The OSHDP president opened his speech by uttering the words “change,” “revision,” and “shift,” highlighting the advancement needed in the real estate sector. Olivares cited new housing trends in the US, Japan, and Singapore, which the Philippines could adapt to ensure housing is available at a more affordable price.

Co-buying a property, an ongoing trend in the US, is one of the perceived solutions to expensive rents and the looming housing crisis. In this buying arrangement, two or more individuals purchase a property and agree on the ownership terms. In Makati, for instance, Olivares said young, single professionals could break out of the renting cycle and afford decent housing through co-buying. 

Considering the high-record prices for traditional apartments and single-family homes, Olivares also looked into the possibility of constructing micro-apartments. He said that developers in Singapore and Japan explored building single-room living spaces while ensuring they are decent and affordable. Similar to co-buying, this trend could address the housing needs of young professionals who work where they can’t afford to live. 

As a real estate practitioner, Olivares also pointed out how valuable it is to own a property, regardless of size. He said, “Whether big or small, a homeowner will always earn a respectable return. At this point in time, it’s not a battle of who owns a large property. It is now a battle of efficiency and effectiveness—aesthetic and functionality even with limited space.” 

Building More Homes

Solving the housing problems in the Philippines also requires solid cooperation between the state and the private sector. For this to transpire, Olivares suggests that the definition of roles must be clear from the start. The government is expected to have a continuing program for housing and urban development, while the private sector will serve as an important cooperator. By having less restrictive regulations on housing production and promoting ease of doing business, developers will have more products to offer. 

Olivares also pointed out that improvements can be made concerning the price cap setting regulations. He said, “The middle class wants more value for their money. Besides sustainability and durability, they also want [homes] to be aesthetically pleasing. By easing price control such that it allows competition in the market, developers will have more creative ideas and products to offer. Hence, allowing as well more options for homebuyers.

OSHDP also pushes for the enactment of a genuine national land use bill, which could reveal how much land is available for housing and other uses. The land use code is likewise seen as a critical component of spatial development, leading to the creation of new townships and new growth corridors

Developers Doing More than Their Fair Share

Despite the private sector’s so-called “cooperator” role in building more homes, it is responsible for 60 to 70 percent of the country’s average housing production, as revealed by Olivares. Meanwhile, the government housing production through its production arm, National Housing Authority (NHA), amounted to only 2 million housing units of the 6.7 million deficit as of this year.

Some government agencies, however, remain committed to providing decent shelters to Filipinos, prompting the OSHDP president to commend Home Development Mutual Fund (Pag-IBIG), National Home Mortgage Finance Corporation (NHMFC), and Social Housing Finance Corporation (SHFC). 

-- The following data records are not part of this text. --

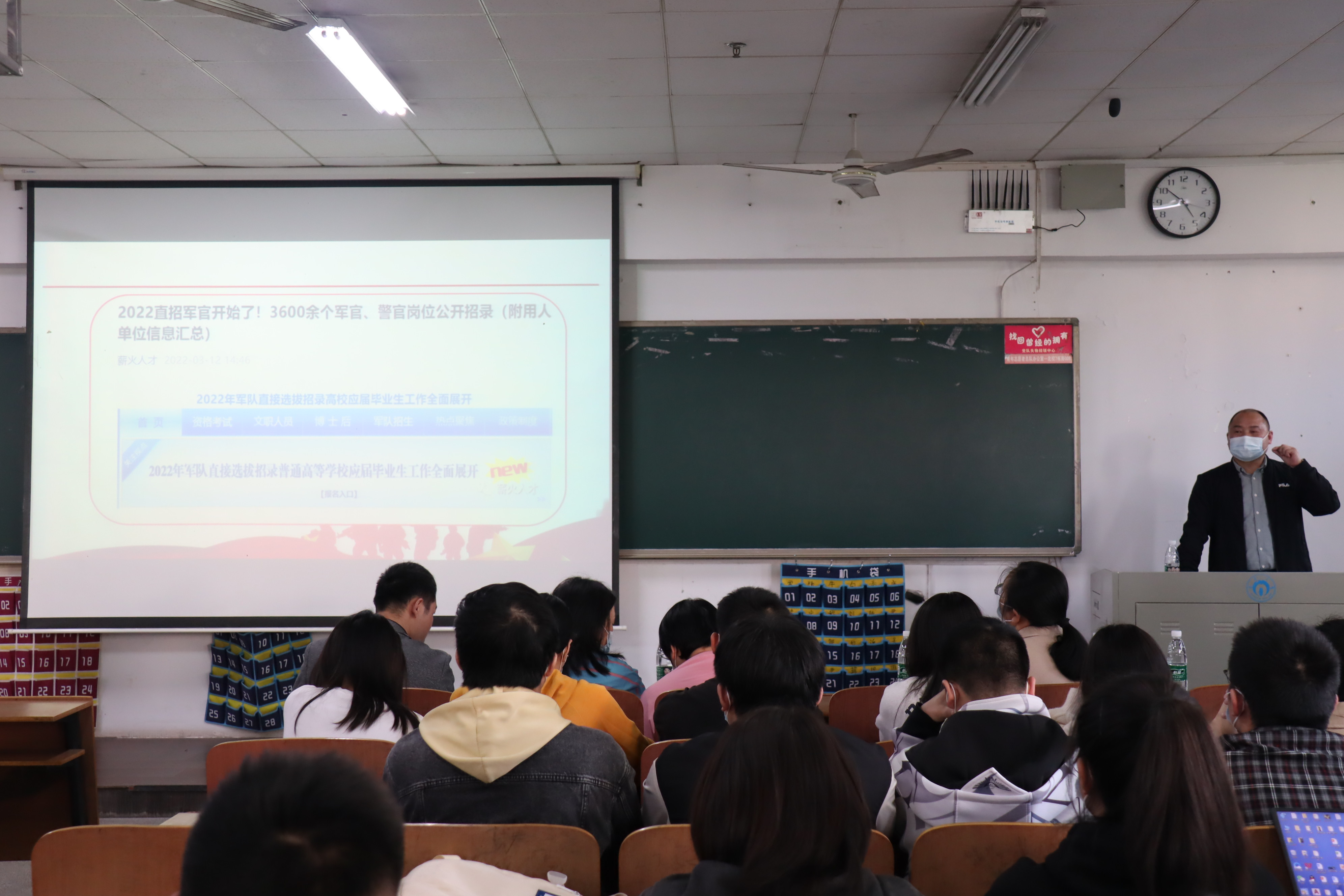 2022年4月5日下午四点半,mksport体育于南华楼212教室开展2022届毕业生就业工作暨征兵动员推进会。出席本次会议的有校武装部汪先利老师、公司党委副书记唐素芝老师、学工室全体辅导员老师、团委书记吴旦老师及18级各班员工代表。
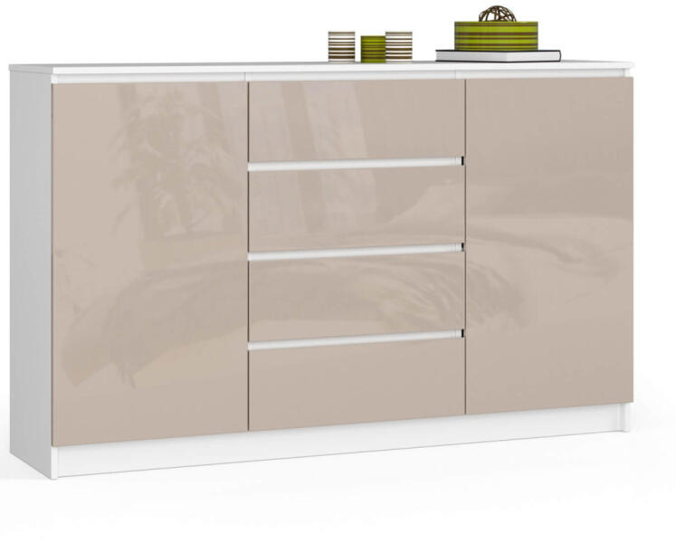 Modern, tágas komód fehér matt korpusszal és cappuccino magasfényű akril frontokkal. A 160 cm széles bútor 2 ajtóval és 4 fiókkal kínál bőséges tárolóhelyet, tökéletes választás a nappaliba vagy hálószobába. Elegáns tárolási megoldás modern otthonokbaEz a prémium minőségű komód tökéletesen ötvözi a funkcionalitást és a stílust. A fehér matt korpusz és a ca
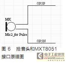 對于脈搏信號的感知,選取普通的拾音頭MIC即可感知脈搏音信號,將采集到的模擬信號通過片上運(yùn)算放大器交由MXT8051處理。拾音頭與MXT8051的接口原理圖如圖6所示。
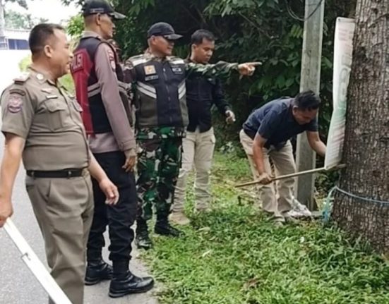 KAMPAR — Satuan Polisi Pamong Praja (Satpol PP) Kabupaten Kampar menertibkan sejumlah reklame dan banner tanpa izin yang dipasang dengan
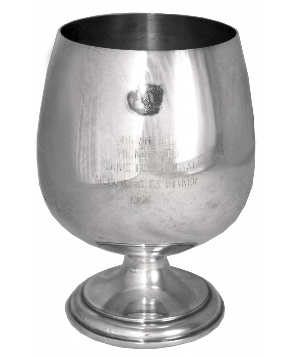 Arthur Ashe's trophy from the 1966 Thunderbird Tennis Invitational. Here, Ashe takes first place in men's singles at the 14th Annual such tournament hosted by the University of British Columbia. At the time, Ashe was studying business on a tennis scholarship at UCLA. Silver-plated copper trophy is engraved ''14th Annual / Thunderbird / Tennis Invitational / Mens Singles Winner / 1966''. Tulip cup has a 5'' diameter mouth and sits on a 4.5'' foot to an overall height of 8.75''. Weighs 1 pound, 9 ounces. With House of Trophies label. Tarnishing with a spot of residue to the top center perhaps from a previously affixed ribbon, else near fine. With an LOA from Arthur Ashe's widow.
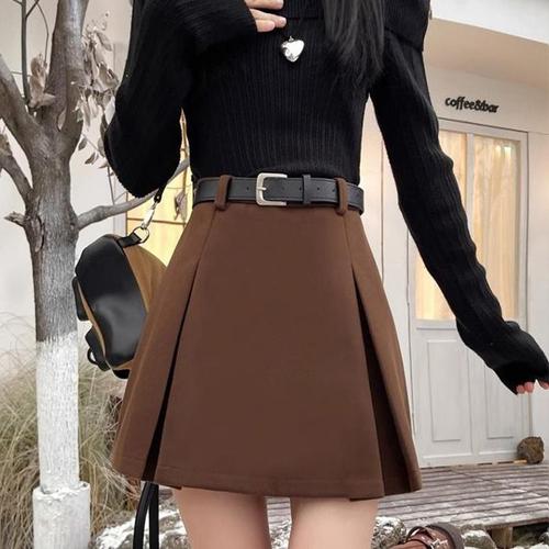 벨트세트 울모직 A라인 하이웨스트 미니스커트 WFL0ANE
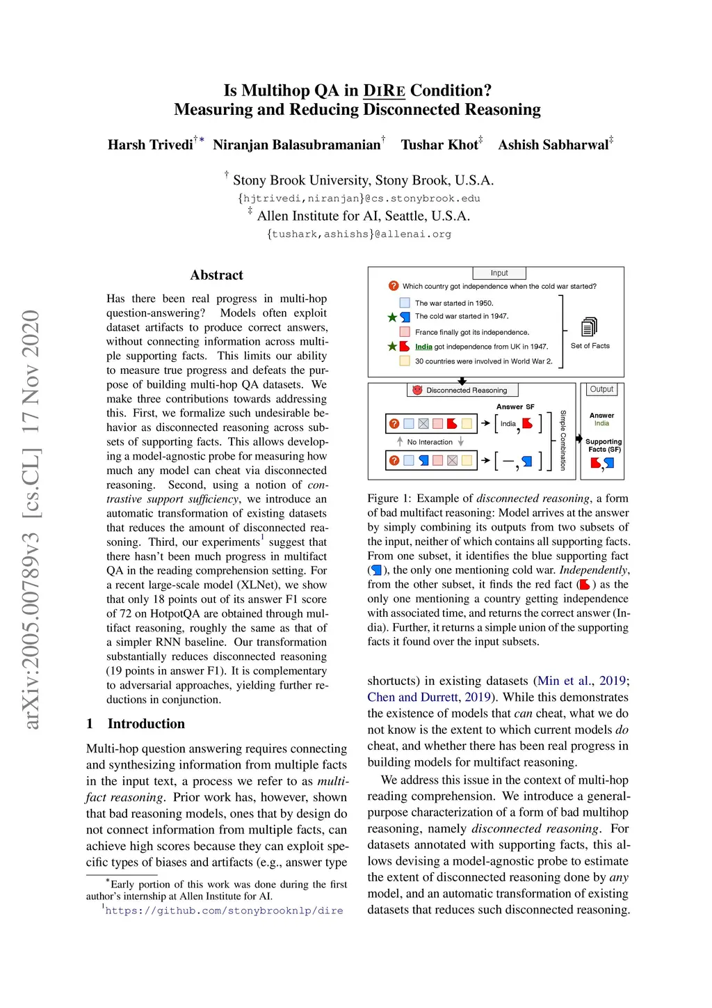 Has there been real progress in multi-hop question-answering? Models often exploit dataset artifacts to produce correct answers, without connecting information across multiple supporting facts. This limits our ability to measure true progress and defeats the purpose of building multi-hop QA datasets. We make three contributions towards addressing this. First, we formalize such undesirable behavior as disconnected reasoning across subsets of supporting facts. This allows developing a model-agnostic probe for measuring how much any model can cheat via disconnected reasoning. Second, using a notion of \emph{contrastive support sufficiency}, we introduce an automatic transformation of existing datasets that reduces the amount of disconnected reasoning. Third, our experiments suggest that there hasn't been much progress in multi-hop QA in the reading comprehension setting. For a recent large-scale model (XLNet), we show that only 18 points out of its answer F1 score of 72 on HotpotQA are obtained through multifact reasoning, roughly the same as that of a simpler RNN baseline. Our transformation substantially reduces disconnected reasoning (19 points in answer F1). It is complementary to adversarial approaches, yielding further reductions in conjunction.
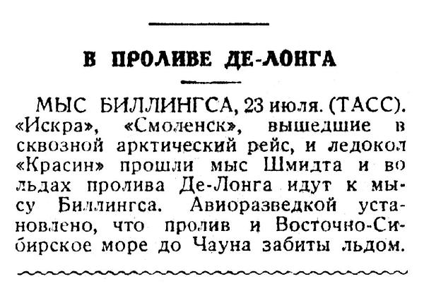 МЫС БИЛЛИНГСА, 23 июля. (ТАСС). «Искра», «Смоленск», вышедшие в сквозной арктический рейс, и ледокол «Красин» прошли мыс Шмидта и во льдах пролива Де-Лонга идут к мысу Биллингса. Авиоразведкой установлено, что пролив и Восточно-Сибирское море до Чауна забиты льдом.

He also acknowledged the private stakeholders’ role in the industry through the years. As an important driver and partner for growth, developers are worthy of recognition for their efforts and contributions. 

In the upcoming The Outlook 2022: Philippine Real Estate Awards, Lamudi is back to give prestigious recognitions to developers and projects that significantly help the Filipino people. The event also honors the industry’s resilience amid the health crisis and facilitates social engagement as a cornerstone of real estate breakthroughs.